When scaling past 10 people, a peer-to-peer network becomes too complex for simple communication. Pathways break down, information doesn’t make it through to where it needs to be. A company becomes the sum of its fragmented individuals and fails to get the compound value from a unified team.
I have struggled with this for my entire career, read every business book I could get my hands on, and spoken to every leader that I meet to find the secret. The fact is, it is hard.
In my quest for the answer, I have oscillated between two extremes:
Response #1: Over control
Hold on tightly. Command and control. This is the point where a company is ‘over-led’ — where everything is documented to death, leaders spend all day ‘giving permission’, and teams spend their time miserably performing tasks that other people have prescribed.
Gaps that fall in between specific instructions introduce problems because they weren’t spelled out.
- Pros: Company is more likely to operate as one, fewer catastrophes.
- Cons: Slower, more mediocrity, fragile because external forces break the system.
Response #2: Over fluid
The other extreme is the ‘Hire talented people and they will find the way’ model.

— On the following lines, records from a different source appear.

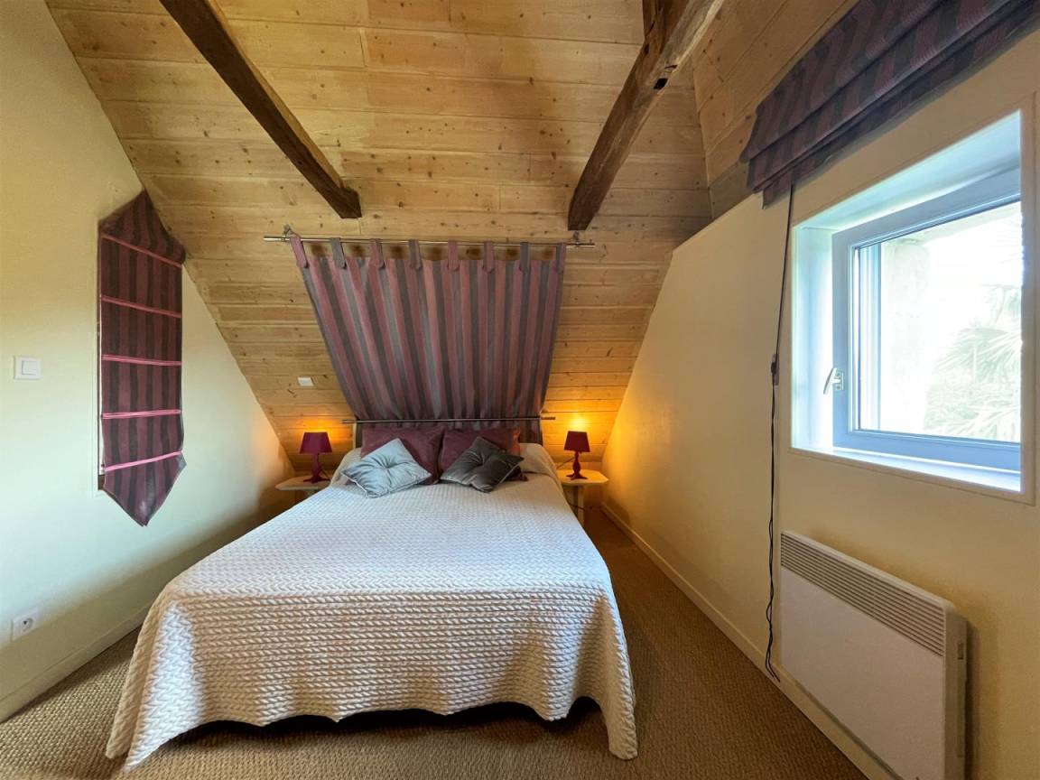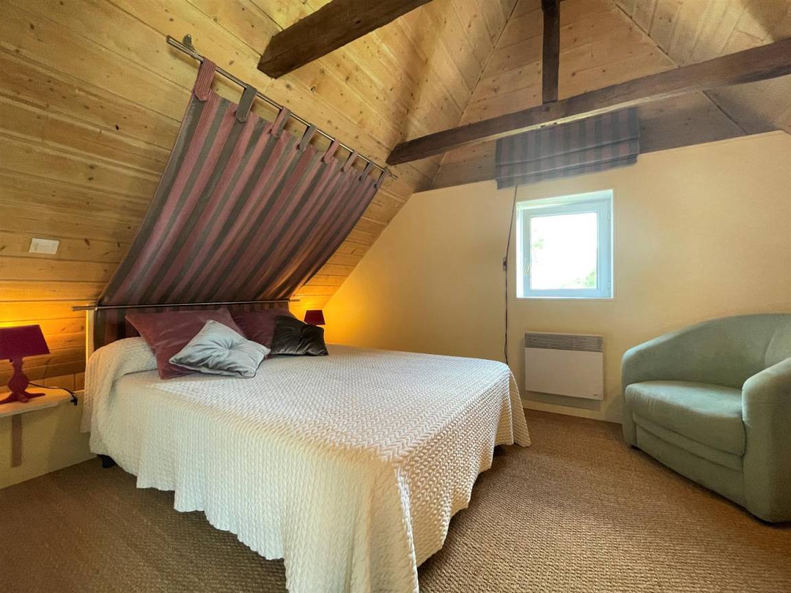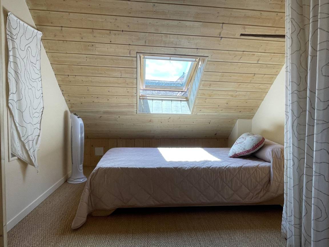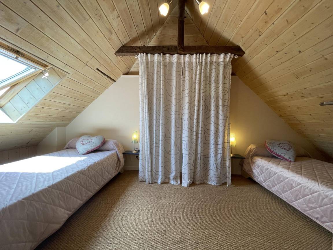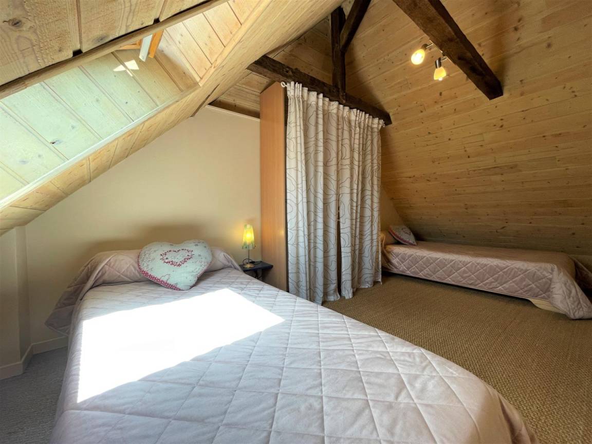 2. Ebene. 2 Schlafzimmer im Dachgeschoss (1 Doppelbett. 2 Einzelbetten). Möglichkeit, Bettwäsche und Handtücher zu mieten.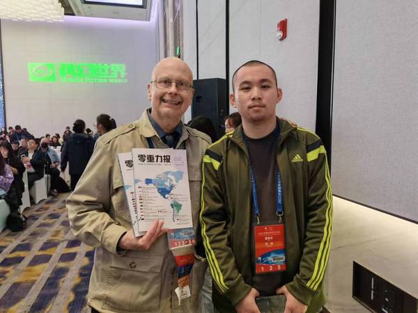 本网讯 10月21日,2023年雨果奖颁奖典礼在成都科幻馆“星云”举行,PG线上平台(集团)官方网站人文学部中文2205班学生温卓峰(笔名:河流)主编的《零重力报》杂志获得2023年雨果奖最佳粉丝杂志。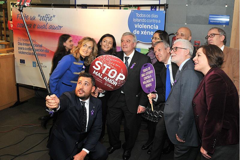En primeiro termo, as autoras e o autor de 7 relatos curtos contra a violencia de xénero xunto coas autoridades que acudiron ao acto. Foto: Servimav-USC A marcha contra a violencia de xénero transcorreu polo Campus Vida (Foto: Santi Alvite) Patricia Jorganes Jorganes, primeira pola esquerda, recibiu o premio do II Concurso de Lemas, co texto 'Cero tolerancia, cero dezaseis' As autoridades fixéronse un selfie 'contra o mal amor' na Concepción Arenal (Foto: Santi Alvite)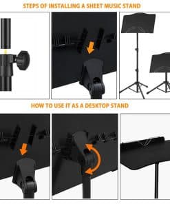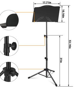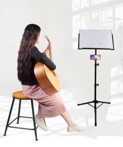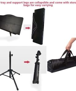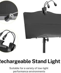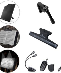 Atril plegable con soporte para teléfono incorporado, luz LED y una práctica bolsa de almacenamiento. Este atril portátil ofrece a los músicos una solución completa para ensayos y actuaciones sobre la marcha. El diseño plegable garantiza un transporte sencillo, mientras que la abrazadera para teléfono integrada facilita el acceso a partituras digitales. La luz LED ajustable mejora la visibilidad en cualquier entorno. Además, la bolsa de almacenamiento incluida añade practicidad, manteniendo tu atril protegido y organizado. Eleva tu experiencia musical con este atril plegable todo en uno, que combina portabilidad, tecnología y conveniencia para prácticas y actuaciones sin problemas.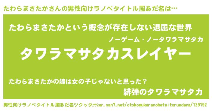 | 肩書あだ名 | 『たわらまさたか中尉』 |

Here we throw teams in the deep end and hope they will join the dots in their work.
Amazing breakthroughs can happen, but they are rarely captured and intensified by bringing a whole company behind them.
- Pros: Faster (for a while), more interesting ideas emerge.
- Cons: More errors, more confusion, less intensity of impact.
The answer is in a book about the navy
The answer for me, as it often does, lies in a company’s ability to slide between these extremes and this needs a method to join them.
I found my method in Captain L David Marquet’s remarkable book, Turn the Ship Around.
It describes Marquet’s time leading the crew of a US nuclear submarine, the USS Santa Fe. It had a poorly performing crew that needed to be turned around or decommissioned.
He identified the problem in the LEADER-FOLLOWER model for a team — the model most like my ‘over control’ response above. In the chain of command, no one owned a decision as it made its way through the team.
He proposes a LEADER-LEADER model.
“I concluded that competence cannot rest solely with the leader. It had to run through the entire organisation.”
Okay, so what are the three words?
It is simple.
Instead of asking for permission, encourage the team to think through the problem themselves and then announce what they intend to do.
“I intend to…”
This gives others the opportunities to ask questions or suggest modifications, but in most cases, the action proceeds without intervention.
In our disconnected times, with so much work happening asynchronously via messaging platforms, amazing things happen in a company when these light up with a team that is aligning itself with the words “I intend to…”
Try it in your company. You will find it is instantly transformational.